Showing 2 of 10 years of data. Sign up free for 3 years, or upgrade for full access.
View Plans2-year trend showing gross, operating, and net profit margins
Container Corporation of India Ltd.'s net profit margin of 14.5% in FY2025 reflects moderate profitability, with operating margin at 15.2% and gross margin at 30.7%.
In FY 2025, Container Corporation of India Ltd. posted a gross margin of 30.7%, an operating margin of 15.2%, a net margin of 14.5%. Gross Margin = (Revenue - COGS) / Revenue; Operating Margin = EBIT / Revenue; Net Margin = Net Income / Revenue. Typical healthy ranges: Gross 20-40%, Operating 10-20%, Net 5-10%+. Consistent or improving margins indicate strong competitive positioning.
2-year trend showing revenue, gross profit, and net profit
Container Corporation of India Ltd.'s revenue grew 2.7% to 88.87B and net profit grew 2.4% to 12.92B YoY in FY2025, indicating modest business momentum.
In FY 2025, Container Corporation of India Ltd.'s revenue grew by 2.7% year-over-year. Revenue is total income from operations. Gross Profit is revenue minus cost of goods. Net Profit is the bottom line after all expenses. Consistent growth across all three signals a healthy, expanding business.

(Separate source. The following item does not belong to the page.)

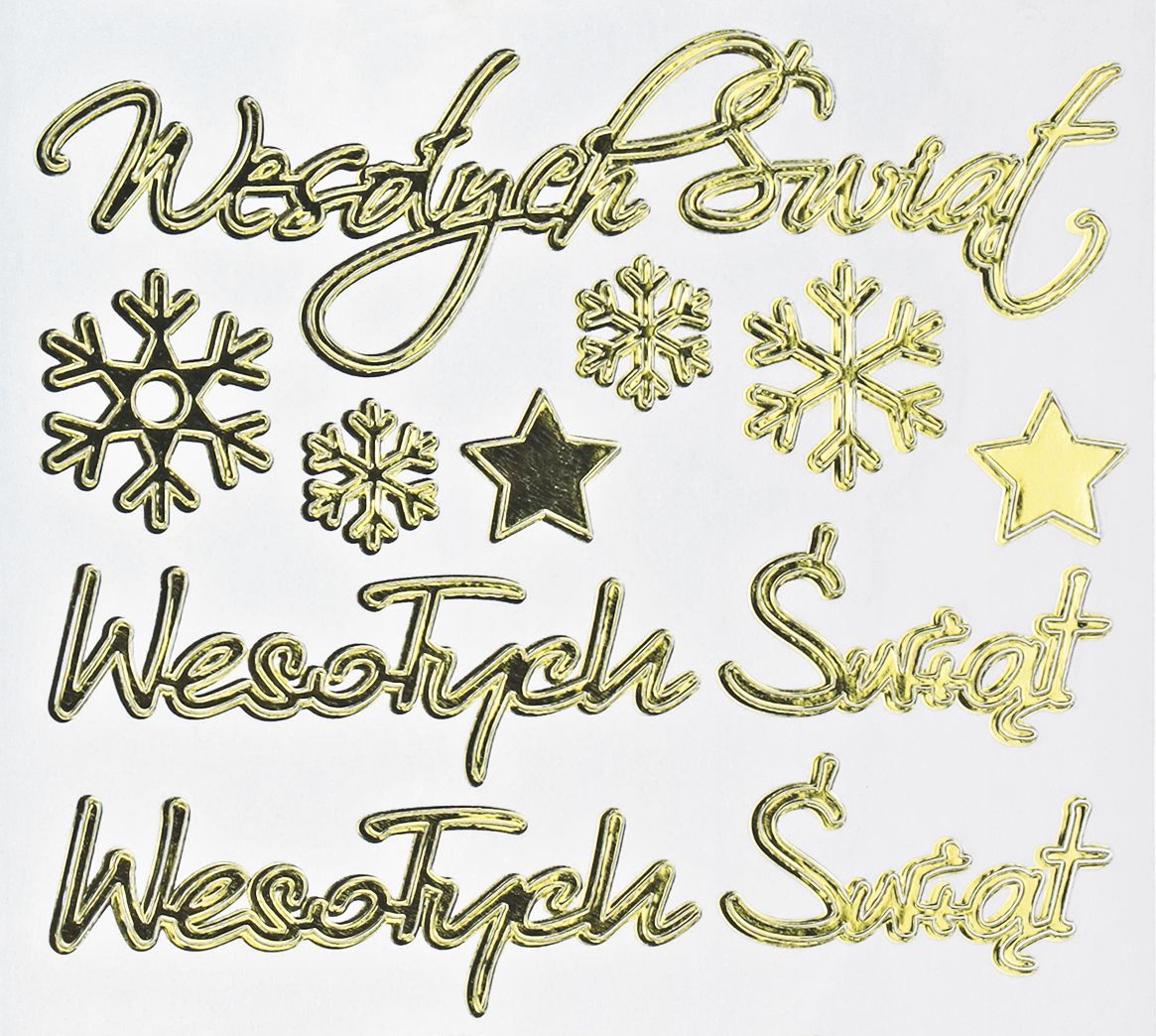 Naklejki foliowe, wzory: napisy „Wesołych Świąt” 2 rodzaje 10 sztuk + gwiazdki 2 sztuki + płatki śniegu srebrne 4 sztuki, złote.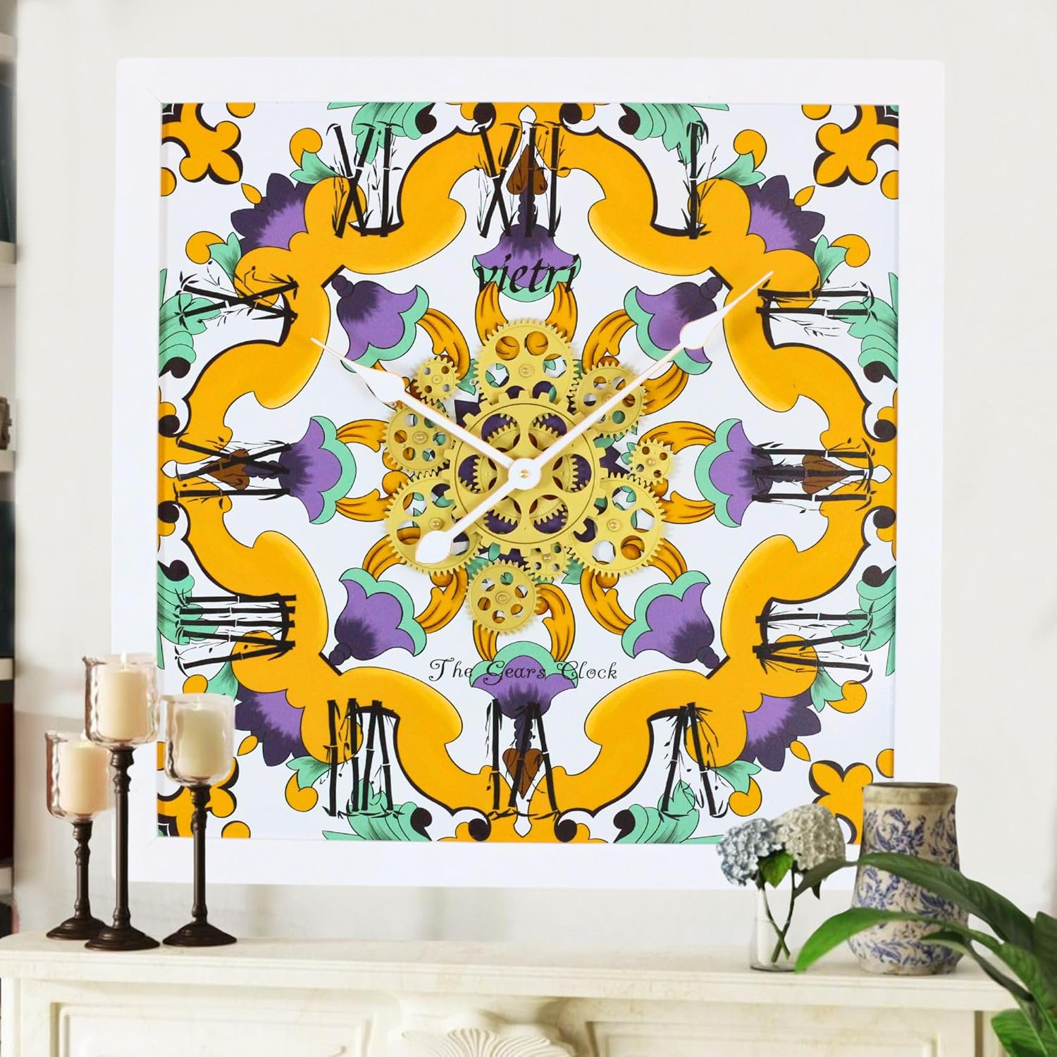 - Wall Clock Italy Collection with Real Moving Gears is an Art Timepiece inspired by the Famous Amalfi coast Tiles in Italy

2-year trend showing shareholder returns
Container Corporation of India Ltd.'s ROE of 10.3% in FY2025 indicates moderate shareholder returns.
In FY 2025, Container Corporation of India Ltd. reported an ROE of 10.3%. ROE = (Net Income / Shareholders' Equity) x 100. Measures how efficiently the company turns equity into profit. Above 15% is generally strong; above 25% is excellent. Very high ROE may signal high leverage — check alongside debt levels.
2-year trend comparing profitability with cash generation
Container Corporation of India Ltd.'s FCF/NI ratio of 0.62x in FY2025 indicates FCF trailing profits — heavy capex or working capital needs may be a factor.
In FY 2025, Container Corporation of India Ltd.'s free cash flow trailed net income. Free Cash Flow = Operating Cash Flow - Capital Expenditure. When FCF exceeds net income, it suggests high-quality, cash-backed earnings. Persistent gaps may indicate aggressive accounting or heavy capex needs.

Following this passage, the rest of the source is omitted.